Brad Wright of Brooklyn Park is a 34-year-old father of four, a north Minneapolis native who knows firsthand how being part of what he calls an "overpoliced, underbanked" community can lead Black men into the criminal justice system at disproportionate rates.
So Wright is taking action. He and two partners have created a new public benefit corporation called Vonzella, which aims to upend the cash bail industry by offering bail insurance.
In more affluent communities, people may not think of cash bail, where one posts an appointed amount of money to be released from jail, as a tool that hurts underprivileged communities.
But that ignores the complexities of a criminal justice system that disproportionately affects people of color, particularly Black males in poorer neighborhoods who studies show are overpoliced and arrested for minor offenses in far higher numbers.
A 2019 American Civil Liberties Union (ACLU) study, for example, found that Blacks are arrested for violating marijuana possession laws nearly four times more frequently than whites, despite comparable usage rates of marijuana in the two populations.
A 2017 ACLU study found that Blacks in Minnesota are imprisoned at a rate 10 times higher than whites.
Someone without the financial means to post bail has to await trial while sitting in jail.
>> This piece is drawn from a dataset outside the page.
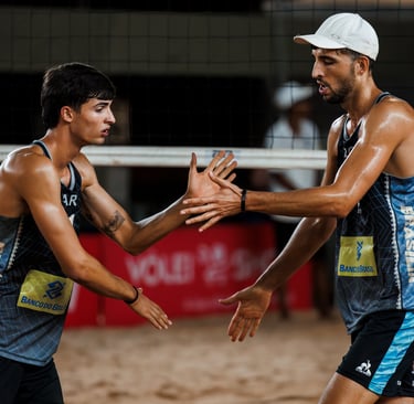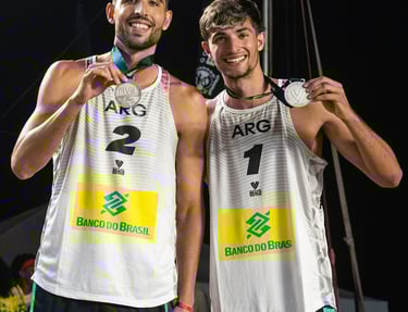 We're Nicolás Capogrosso and Tomás Capogrosso, and we bring our Argentine spirit to beach volleyball courts worldwide. We started on our local beaches and have grown to play on big international stages. Our journey shows our hard work, skills, and the friendly Argentine charm we love to share.

And that leads some people to decide to plead guilty to lower charges just to avoid longer prison sentences or to get probation — a decision can follow them throughout life.
Wright points to a couple of childhood friends who were found with two Vicodin pills. They had just turned 18. They were scared of jail. They didn't have bail money. When prosecutors offered a deal, they pleaded guilty to drug possession and received probation — not knowing that being tagged as felons would chase them throughout life, their criminal record making it harder to get a job and more likely they'd end up back in jail.